Hunter-Detective but also The Sharer. The Sharer is the exact opposite of the Hoarder. The Sharer LOVES to share everything he/she finds with anyone and everyone who wants it. The Sharer looks up info in courthouses and online documents which he/she transcribes. And offers the copies to everyone for free. Does not copyright ANYTHING. The Sharer also does not like to be told they CAN'T share info that they get from The Hoarders. But The Sharer will promise not to share info if the Hoarder directs them not to. Making The Sharer feel a bit guilty ;-)

Not sure what you would call this but the analogy I use is I am kind of like the cat that leaves dead rodents on your backs step as if to say, "Look what I found!" I do the same thing to my fellow researchers. I can't wait to show them what I found. So maybe The Mouser could be a category as well? ;-)

Hunter/scholar and part hoarder. I still remember the physical rush of getting close to a record on microfilm or microfiche, 20 years ago. I research for all my friends, and I'll share everything with someone who shows genuine interest, but I can't stand junkyarders. I don't know how many times I've mentioned to a distant relative, usually online, that the record or connection they're spreading around isn't correct -- and that I have the document trail to show it -- and the entry hasn't been corrected. Agh! I'm a medical researcher, so I believe it's not enough to find the record; you have to establish that it's the right one. (I'm speaking from a line of Kellys. Johns, Patricks, Marys, all emigrating at 17 and working as servants or laborers.... And all logged on the ship as from "Ireland". Sigh.)

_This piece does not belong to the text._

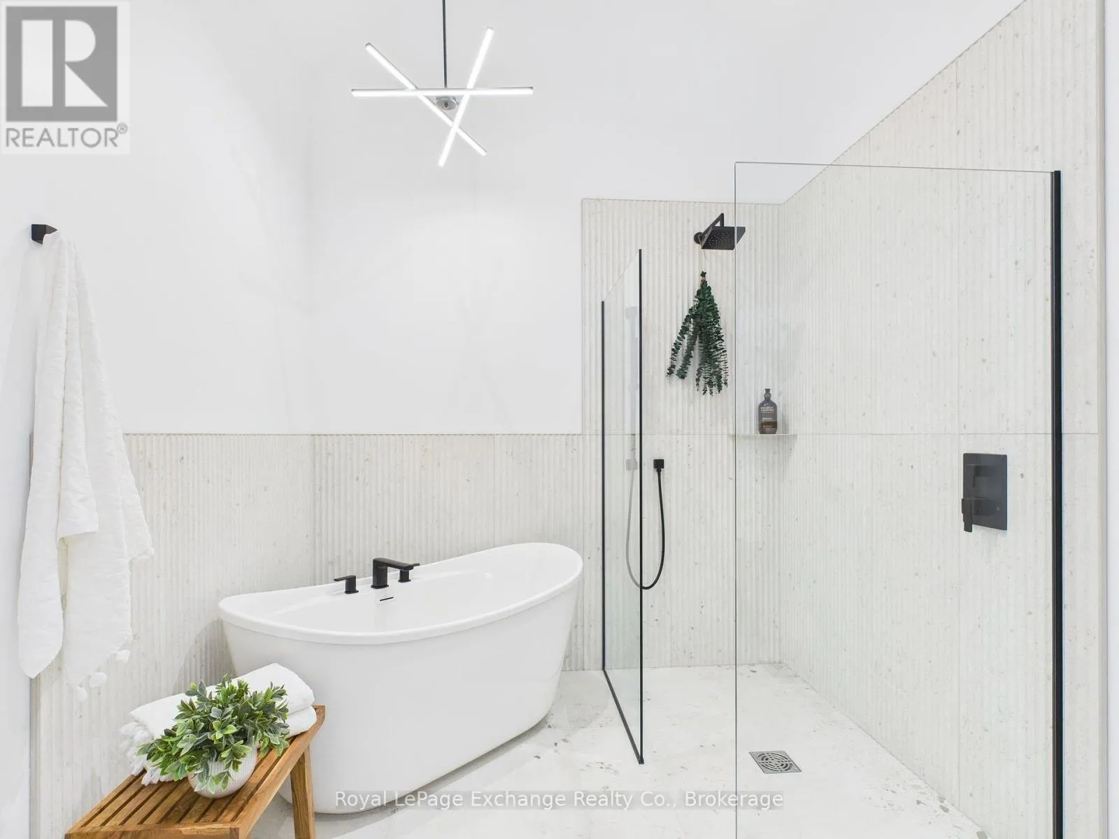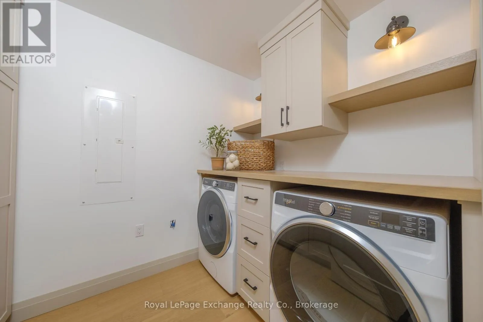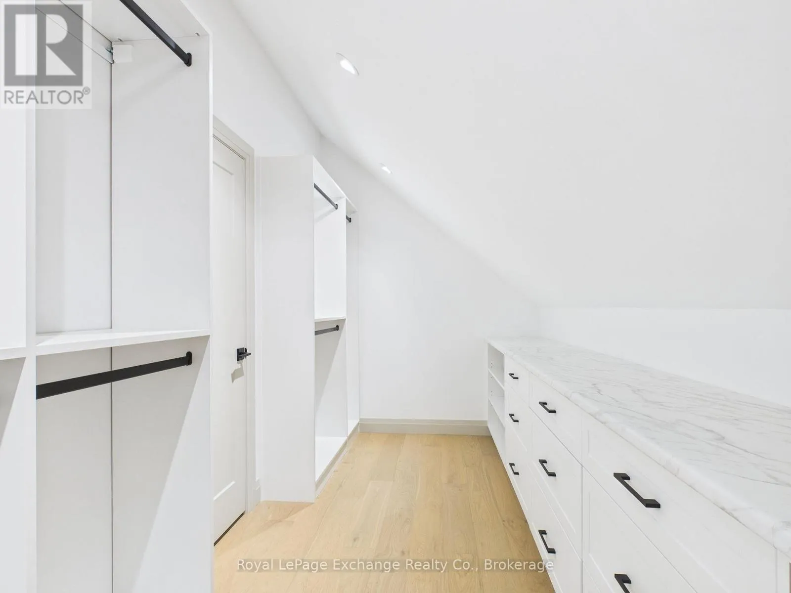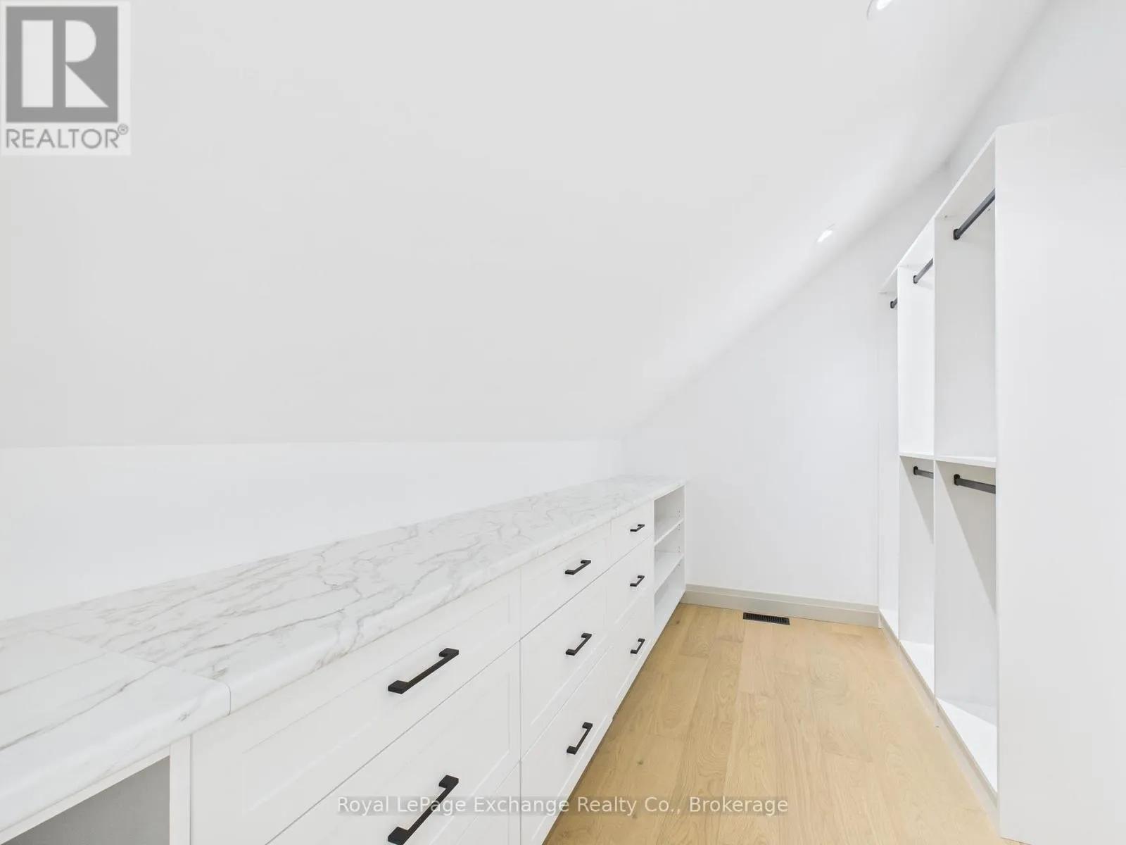 Cross Streets: McNabb St. ** Directions: 2 Marshall Pl, Southampton. A Modern Coastal Retreat at Southampton LandingThis striking, custom-built home blends coastal charm with contemporary design in one of Saugeen Shores' most desirable communities Southampton Landing. Step inside to soaring vaulted ceilings, oversized windows, and an open-concept main floor drenched in natural light. The designer kitchen is a showstopper! Featuring custom cabinetry, quartz countertops, pot filler, two large islands with seating, and seamless flow into the living area anchored by a sleek linear fireplace. The main floor offers two bedrooms that share a stylish full bath, a convenient powder room, main floor laundry, and a built-in mudroom with custom cabinetry leading to the garage and 4' crawl space for extra storage. The upper-level loft-style primary suite offers a true sanctuary with dramatic architectural windows, warm wood flooring, and a spa-inspired ensuite complete with a soaker tub, walk-in shower, and dual vanity. Every detail has been thoughtfully designed. Outdoors, the steel roof and steel siding provide long-term durability and low maintenance, allowing you to spend more time enjoying life near the lake. A detached garage with covered breezeway adds both style and function, while the manicured landscaping and concrete driveway complete the clean modern aesthetic. Located steps to trails, beaches, and everything Southampton has to offer. This home is a perfect mix of sophistication, comfort, and easy living. (id:27476)

I love to travel, but money is tight. Otherwise I would love to hunt. Wish I had a time machine so I could go back in time and meet my ancestor's. I have some road blocks that I can't get pasted.

I would be an Ancestor Finder, researching both mine and my step-family, with a touch of an Analyzer and Planner.

Hey Barry - I like your category of the Sharer. I think the Mouser is similar to the Hunter :-)

I'm with you on this one Patrick!

Tag, I agree. I share but only in small doses. I have been the victim of the Junkyard Collector in my early days online and I learned to be a bit wary. That is why I publish my findings for sale in book form - if someone wants to Junkyard Collect from my hard work they're going to have to pay to do so. But if someone is a serious researcher and willing to share with me, I"ll share willingly!

Brian - word of advice -don't wait too long to submit your work. It's never done so you will always be thinking "not yet, not ready yet"

Don't. Just do it :-)

Judy I think you are also a Story Teller!

Goodness! I think I am a hybrid! I've been interested in genealogy since I was a child and I am now older than dirt. I come from a family of "top-down" (ancestor-descendants) genealogists. I have many thousands of records for over 44,000 descendants of my surname ancestor. I'm working now on a social history of those family descendant folks along with a "book of lists" and a skeletal genealogy of names, dates and places. The social history is the most fun. So many amazing people. Plan to publish as a free book.

That's an interesting project Sarah. Wishing you much success with it!

I am a Researcher/Detective, Analyzer, Hoarder and Planner. I detest Junkyard Collectors to the 'nth degree. In my opinion they are the toxic waste of the genealogical world. I suspect many may have never visited a courthouse, library, historical society or even walked a cemetery but believe they are doing research. I have done research on many families of friends and business acquaintances for fun. It's better than any mystery ever written or movie ever made. It's the real could not make some of this stuff up! Genealogy is the best adventure and high you can find! Before you know it the night has passed and the sun is rising. It was only moments ago, not hours, you began following the trail of an elusive ancestor that, after decades of searching, revealed a glimpse of themselves to you. The game's afoot! Happy hunting fellow researchers!!